WHAT THE TASK REQUIRES: Return each line of the data below verbatim; pictures are to be left out.

DATASET SECTION:
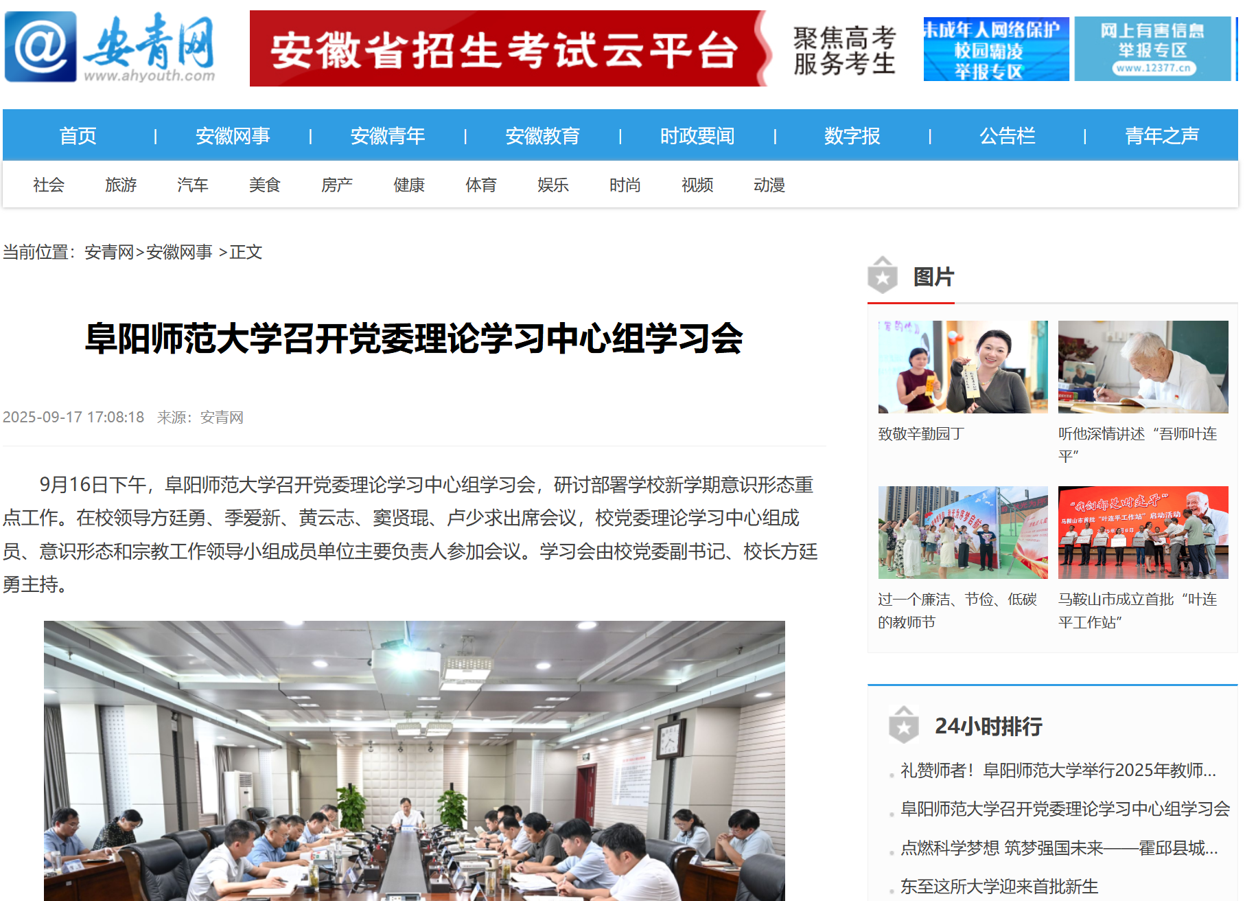 9月17日,安青网报道:阜阳师范大学召开党委理论学习中心组学习会。文章地址:
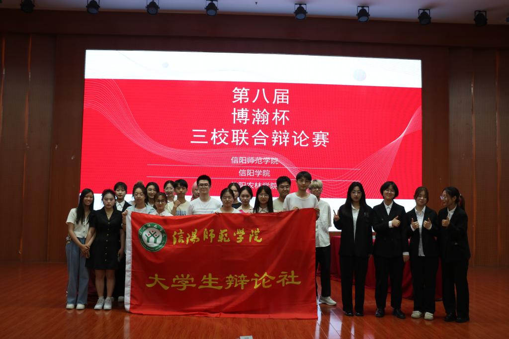 6月9日,由tyc7111cc太阳成集团主办的信阳师范学院、信阳农林学院、信阳学院第八届“博瀚杯”三校联合辩论赛在逸夫楼报告厅举行。
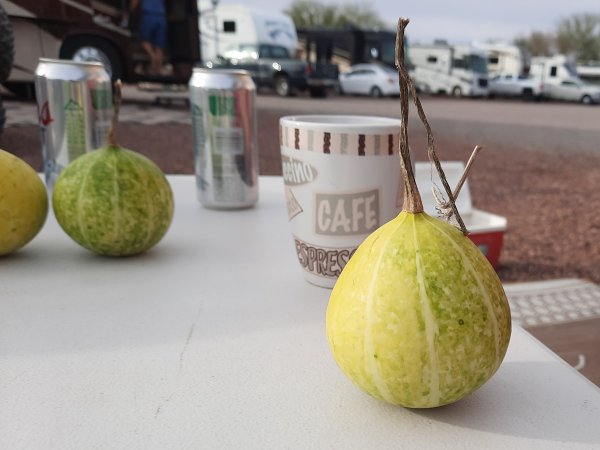 Jan picked up some desert melons in the desert. They are for Jannie. They are not good for humans consumption.

RESPONSE TO THE TASK:
 9月17日,安青网报道:阜阳师范大学召开党委理论学习中心组学习会。文章地址:
 6月9日,由tyc7111cc太阳成集团主办的信阳师范学院、信阳农林学院、信阳学院第八届“博瀚杯”三校联合辩论赛在逸夫楼报告厅举行。
 Jan picked up some desert melons in the desert. They are for Jannie. They are not good for humans consumption.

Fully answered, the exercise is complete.